こうしたシステムの計画は、ネットワーク全体に広がっています。米国防総省は「統合全領域指揮統制(JADC2)」戦略を、「感知(sense)」「意味付け(make sense)」「行動(act)」という3つの機能を中心に構築しました。AIは「意味付け」の機能に位置づけられ、入ってくる情報を取り込んで整理し、指揮決定を迅速化する役割を担います。この戦略には、核指揮・統制・通信(NC3)も組み込まれています。
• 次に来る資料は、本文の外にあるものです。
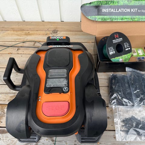 Grouw 1200 (för ytor upp till 1200 kvm) med laddstation. Säljes utan tak och begränsningskabel. Den har använts i två säsonger. Skickas ej! Hämtas i Mora!

複数のモデルを連携させてタスクを調整する場合、リスクが増幅し、連鎖的な障害を引き起こす可能性があります。

実効性のある検証体制の構築

このギャップを埋めるには、複数の当事者が同時に信頼できる検証ツールの構築が必要です。出発点となるのは、何を検査対象として共有するかに関する合意です。モデルの重み、コード、訓練データ、ログを対象とし、いずれの国も全情報を開示しなくて済むよう、プライバシー保護措置を設けることが求められます。計算資源(コンピュート)は、取り組みの端緒となり得る領域の一つです。計算リソースは計測可能な足跡を残すため、軍事AI開発に限定した監視体制を設けることで、各参加国が使用するコンピュート量を、現在の核物質管理と同様の形で追跡・検証できます。改ざん防止のセーフガードを設けることで、この監視の実効性を担保することができます。

各国の合意形成は容易ではありません。米露の配備済み戦略核弾頭数を上限設定した新START条約は2026年2月に失効しました。生物兵器禁止条約(BWC)は、ステークホルダーの多さ、研究能力の拡散、民間・軍事の両用技術といった問題に阻まれ、数十年にわたって実効的な検証体制を欠いたままです。軍事AIも同様の壁に直面しており、さらにいくつかの固有の障壁も抱えています。ソフトウェアには計量・計数できるものが何もなく、開発は急速に進み、民間モデルと軍事モデルは外見上区別がつきません。技術的な基盤が先です。検証が機能してはじめて、どんな合意もその上に立つことができます。